Proxy Authentication - Use device account's credential

Copper Contributor

Our Surface Hub needs to use a proxy that requires authentication. We are trying to setup the Surface Hub proxy settings with "Use the device account's credentials" for the proxy authentication. The device account's credentials exists in our Active Directory and has access to the internet. The Surface hub is joined into our Active Directory domain. Everything works perfectly on the Hub except trying to browse the web using Edge. Everytime we open Edge and try to access a site, we get a prompt asking for credentials. Looking at a network trace, we see that the Surface Hub is passing invalid credentials to our proxy. It's trying to pass a local account instead of using the "device account".

 

Anyone can help?

9 Replies
Hi Patrick.

I’d highly recommend you raise a support case for Microsoft to look into this. Make sure you gather logs from the Surface Hub (Settings > Update & Security > Recovery > Collect Logs) to pass to Microsoft.

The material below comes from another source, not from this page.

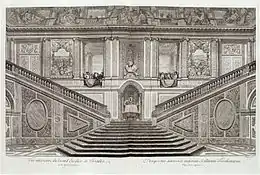 At Versailles he is thought to have been primarily responsible for the design of the Escalier des Ambassadeurs (decorated by Charles Le Brun), although d'Orbay apparently relied very heavily on an earlier design by Claude Perrault for a stairway at the Louvre.[2]

https://support.microsoft.com/en-gb/help/4037644/surface-contact-surface-warranty-and-software-suppo...

I do have a support case opened unfortunatly, the end result so far is to open the SurfaceHub to the internet by doing MAC address filtering and letting the device go through without any authentication. I'm starting to consider this with our network/security team since we cannot make the Surface Hub properly pass it's device account to our proxy (Blue Coat).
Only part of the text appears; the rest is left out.